# Painting fake background



## Dutchy88 (Jan 29, 2013)

I'm on the painting stage of my fake background but I've got no artistic bones in my body has anyone got any good links on painting them. I know about dry brushing and ive heard people using spray bottles but I'm unsure of where to start i think ill put a base coat down first but then what do I do?? Any help appreciated


----------



## Gruni (Jan 29, 2013)

Have a good look through this site... reptile terrarium rock wall background


----------



## Dutchy88 (Jan 29, 2013)

Gruni said:


> Have a good look through this site... reptile terrarium rock wall background



Ill have squiz tar gruni ya started painting yours yet?


----------



## Gruni (Jan 29, 2013)

No just finished rendering today and I need to give it a few days to dry as this coat is quite thick. Besides my wife is doing the painting side of things so she'll start that next week I think.


----------



## Dutchy88 (Jan 29, 2013)

Haha yeh my miso wants to paint mine but she's got this whole desert thing stuck in her head but I'm thinking of going a more bush rock not as many yellows and reds but greys and blacks a bit of green I reckon it would look good wit and ackie in there


----------



## Gruni (Jan 29, 2013)

Kath and I agreed on what we are trying for and she used to do good work when we did our minatures and scenery for Warhammer 40k so I know she'll do a great job.


----------



## J-A-X (Jan 29, 2013)

Google "Becky wheeler"  great inspiration - her videos will never win an Oscar but they're informative !


----------



## Dutchy88 (Jan 31, 2013)

JaxRtfm said:


> Google "Becky wheeler"  great inspiration - her videos will never win an Oscar but they're informative !

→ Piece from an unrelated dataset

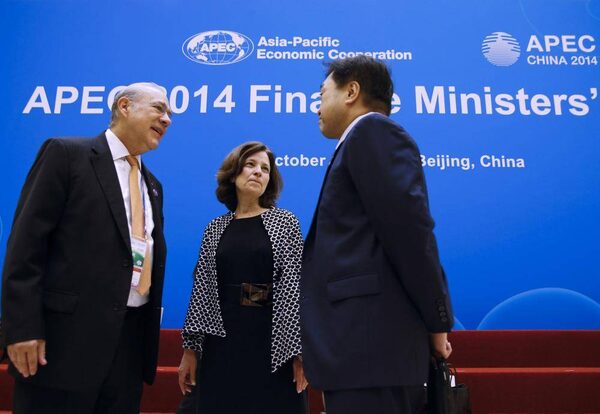 U.S. Deputy Treasury Secretary Sarah Bloom Raskin, center, chats with Angel Gurria, Secretary General of the Organization for Economic Co-operation and Development (OECD), left, and Philippines' Secretary of Finance Cesar Purisima before the opening ceremony of the Asia-Pacific Economic Cooperation (APEC) finance ministers meeting at the Diaoyutai State Guesthouse in Beijing, China Wednesday, Oct. 22, 2014.Andy Wong/The Associated Press

Thanks mum ill do that ( that's my new nick name for you jaxs since your the godmother of DIY and always look after us when we're stuck)


----------



## J-A-X (Jan 31, 2013)

Fantastic LOL, i've got to change my status now !!!!

Look under my name Dutchy, ......... just for you :lol:


----------



## Dutchy88 (Jan 31, 2013)

Haha thanks mum I might start a thread now to spread the word


----------